WO2008074464A1 - Arrondissement d'arête de tranches - Google Patents
Arrondissement d'arête de tranches Download PDFInfo
- Publication number
- WO2008074464A1 WO2008074464A1 PCT/EP2007/011107 EP2007011107W WO2008074464A1 WO 2008074464 A1 WO2008074464 A1 WO 2008074464A1 EP 2007011107 W EP2007011107 W EP 2007011107W WO 2008074464 A1 WO2008074464 A1 WO 2008074464A1
- Authority
- WO
- WIPO (PCT)
- Prior art keywords
- edge profile
- ingot
- edge
- wafer
- impressed
- Prior art date
Links
Classifications
-
- B—PERFORMING OPERATIONS; TRANSPORTING
- B28—WORKING CEMENT, CLAY, OR STONE
- B28D—WORKING STONE OR STONE-LIKE MATERIALS
- B28D5/00—Fine working of gems, jewels, crystals, e.g. of semiconductor material; apparatus or devices therefor
Definitions
- the invention relates to a method for rounding the edges of wafers, wherein, prior to the production of the wafers, an ingot, from which the wafer is obtained, an edge profile is impressed. Furthermore, the wafer thus obtained and the ingot are loaded with embossed edge profile.
- PV photovoltaic
- non-treated edge areas of a wafer cause disturbances in the material which reduce the energy yield by up to 7%. This follows from the inventor's many years of experience, which reports on mainly mussel-like eruptions at the edges of said wafers. A treatment of these border areas by prior art methods is very costly and therefore not performed.
- the object of the present invention is to provide a method for rounding wafers, in particular of silicon wafers for photovoltaics, in which the disadvantages are avoided.
- the object is achieved according to the invention with a method for rounding wafers, in particular of silicon wafers for photovoltaic, characterized in that the ingot an edge profile is impressed.
- the future partial edge profile of the wafer is already determined before the separation process for obtaining the wafer.
- the currently practiced procedure of edge processing of the wafer after the separation from the ingot can be circumvented.
- Wafers are understood to mean a wide variety of types of semiconductor and ceramic materials. Thus, such a wafer can consist of monocrystalline or polycrystalline silicon. Other ceramics that come as a carrier material in question are covered by the term wafer.
- a wafer of the type described here is not limited to the use of photovoltaic m, but also the m of the semiconductor industry for other purposes, such as chip and component manufacturing used wafers erfmdungsgewait includes.
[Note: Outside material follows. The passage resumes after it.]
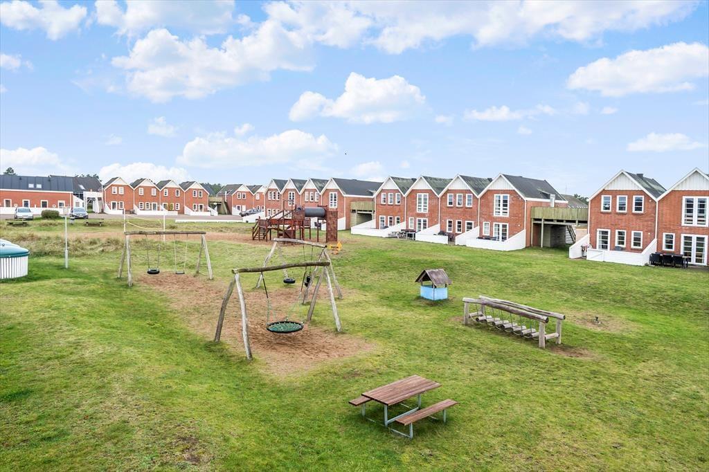 Wenn das Wetter zum Draußensein einlädt, kannst du das Familienleben auf die private Terrasse verlegen. Diese befindet sich direkt an einer Grünfläche, die an den Rømø Golfclub mit seinem tollen 18-Loch-Linksplatz angrenzt. Die schöne Aussicht bildet eine wunderschöne Kulisse, wenn du das Leben in den Gartenmöbeln genießt oder dich auf den Grillabend vorbereitest. Am Hauptgebäude des Centers befindet sich eine Ladestation für Elektroautos.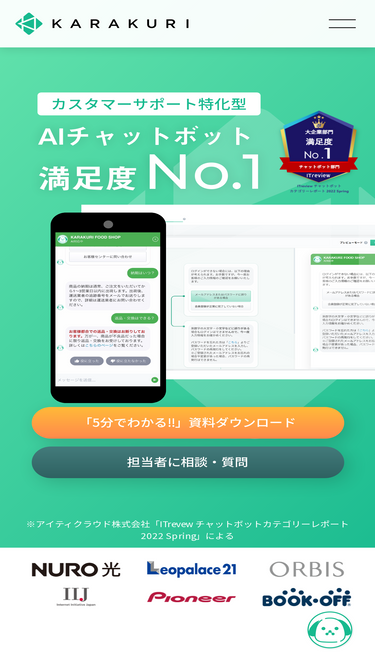 90%KARAKURI(カラクリ)のFAQツールは、FAQとチャットボットを一元管理。フォーム連携で水際での問い合わせを抑止し、自己解決率を向上。運用負担を軽減し、カスタマーサポートを効率化。

- the ingot may have any desired shape, with the monocrystalline silicon preferred being the shape obtained by pulling from a single crystal and the square column shape being preferred for polycrystalline silicon.
- the edge profile is the shape on the ingot, which is created by the impact process on the ingot. In a preferred embodiment of the method, the edge profile is impressed along at least one cutting edge of the ingot. Where the cut edge includes the location on the ingot where the separation process is to obtain the wafer.
- various separation means can be used to separate the wafer, the separation means being guided substantially along the edge profile.
- separation means it is preferable to use legends or also splitting agents as described in JP2003332273 or DE3029828 or also DE1207636. Combinations of splitting and Sagevorgangen are erfmdungsgewait includes.
- the edge profiling and the subsequent separation process which has taken place before the separation, a substantially predetermined partial edge profile is formed on the edge of the wafer according to the invention.
- the partial edge profile corresponds to the edge profile. This is the case when the separation process of the wafer is performed by a splitting operation. If the separation process is carried out by means of say, the sub-edge profile deviates essentially by the proportionate contribution of the legend from the edge profile.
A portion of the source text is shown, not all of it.